Schéma de cohérence territoriale (SCOT)

Qu’est-ce qu’un SCOT ?

La réforme des documents d’urbanisme introduite par la loi Solidarité et renouvellement urbain (SRU) du 13 décembre 2000, modifiée par la loi Urbanisme et habitat du 2 juillet 2003 et complétée par les lois Grenelle du 3 août 2009 et du 12 juillet 2010, a été l’occasion de rénover en profondeur le code de l’urbanisme en replaçant la démarche de projet au coeur des préoccupations de planification. Le Plan d’aménagement et de développement durable du territoire (PADD) du SCOT constitue ainsi l’expression du projet politique des collectivités, prenant en compte de façon globale et cohérente les enjeux jusqu’ici traités de façon sectorielle et concertant mieux avec la population.
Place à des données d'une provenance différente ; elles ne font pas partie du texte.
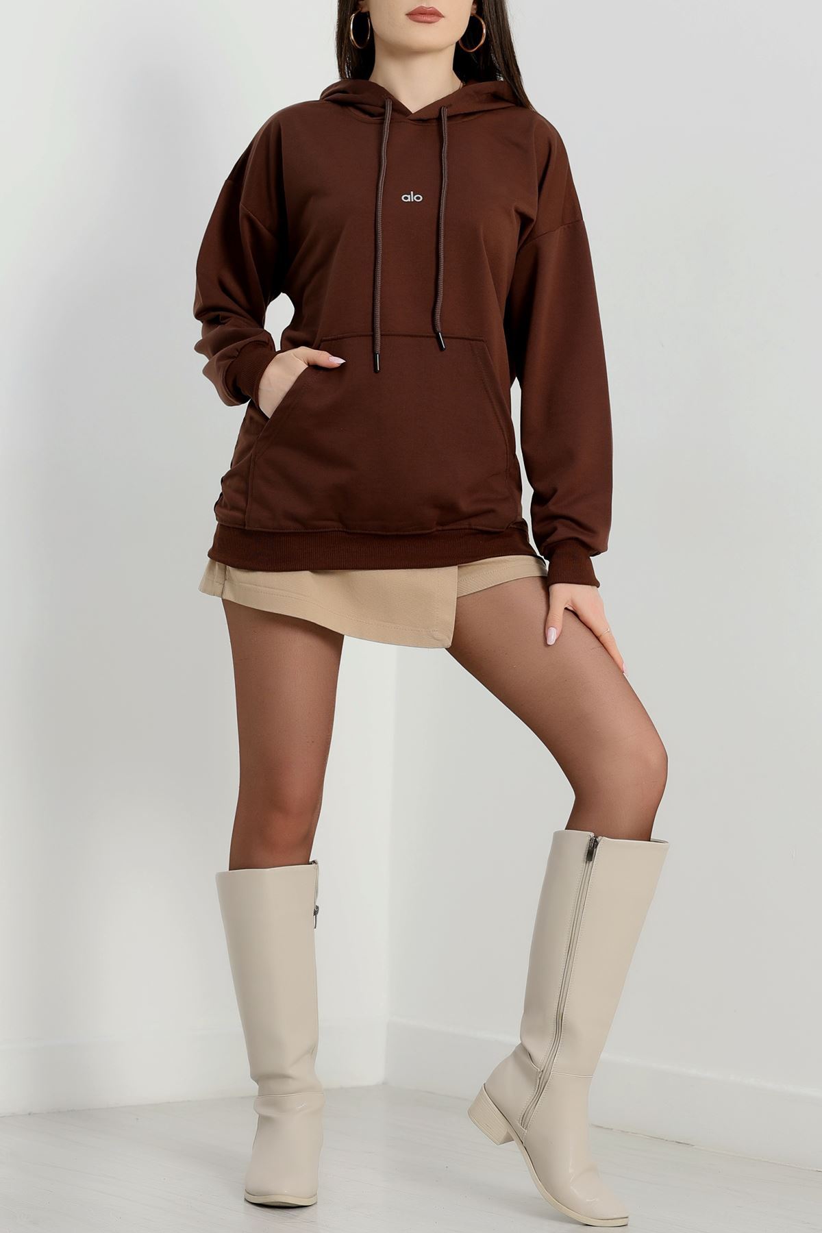 3 İplik Kompakt Oversize Fleto Cepli Sweat Kahve - 42506.1878.
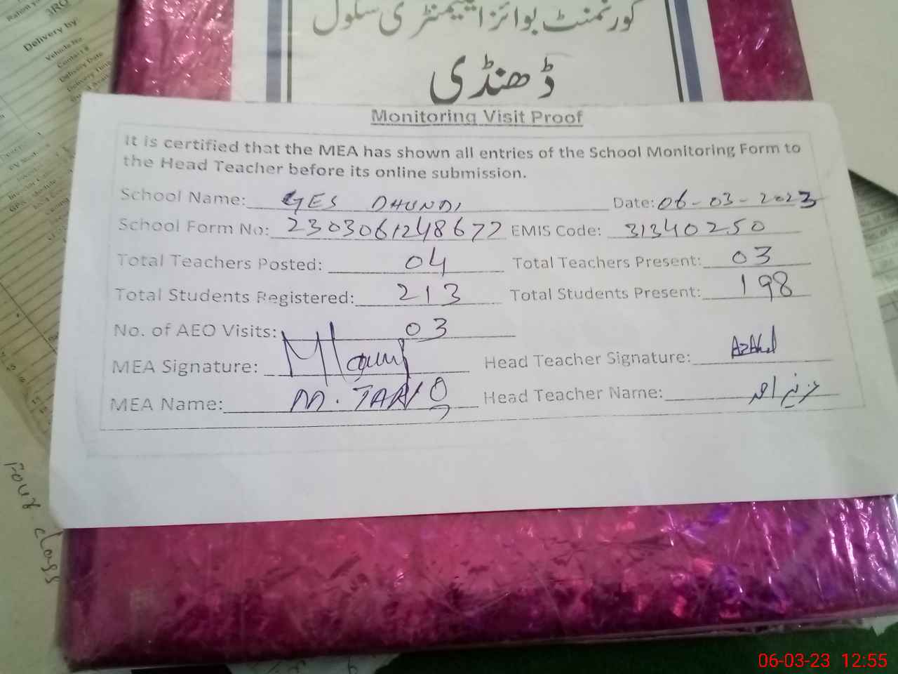 | Attendance Register | Head Teacher | MEA with School | Visit Proof |

Un SCOT est, plus que tout autre document d’urbanisme, un projet et une démarche. Plus que par sa forme, il se définit mieux par ses finalités, puisqu’il s’agit :

- d’un projet de territoire, qui s’appuie sur un diagnostic et une lecture prospective de ce territoire.
- d’une vision d’ensemble du développement de ce territoire, qui s’appuie sur un exercice de mise en cohérence des diverses politiques sectoriels (politiques de développement économique et urbain, de l’habitat, des déplacements, des implantations commerciales,de l’environnement, etc.).
- d’une planification urbaine stratégique qui définit des orientations générales à l’affectation des sols selon des principes d’aménagement et de développement durable des territoires.

L’initiative d’élaboration d’un SCOT revient aux communes ou aux groupement de communes compétents qui en assurent le pilotage et la mise en oeuvre.

Rôle de l’Etat dans l’élaboration d’un SCOT

Cette démarche de projet rejaillit sur le rôle de l’Etat dans l’élaboration du document de planification. Dorénavant, il faut bien distinguer la contribution de l’Etat au titre :

- du Porter à connaissance (PAC), document qui récapitule l’ensemble des éléments de procédures, normes réglementaires ou servitudes ayant une portée juridique certaine et qui s’imposeront au SCOT. Ainsi que les éléments d’informations utiles à la collectivité pour l’élaboration de son projet.
- de ses positions, en tant que partenaire associé. A ce titre, il ne s’agit pas pour l’Etat d’imposer ses vues, mais de dialoguer avec les collectivités pour contribuer à leur démarche et l’enrichir.

Ces positions sont exprimées tout au long de l’association à l’élaboration du SCOT :

- en premier lieu, l’Etat échange avec les instances locales sur les politiques publiques dont il est garant dans le cadre de ses compétences.
- en second lieu, l’Etat a des préoccupations nationales à faire valoir. A titre d’exemple, la qualité urbaine et paysagère, la protection des patrimoines urbains et paysagers et de l’environnement, la prévention des risques prévisibles, ainsi que la production et la répartition équilibrée des logements sociaux.
- enfin, il incombe à l’Etat de veiller au maintien et à l’amélioration de la solidarité nationale entre les territoires, à leur cohésion sociale, ainsi qu’à la préservation et à l’amélioration des grands équilibres.

A ce titre, l’Etat a un rôle d’animateur des réseaux qui œuvrent à la planification sur le territoire national. Le cas échéant, il veille à la cohérence des SCOT entre eux et à la cohérence des projets de développement durable des territoires périphériques.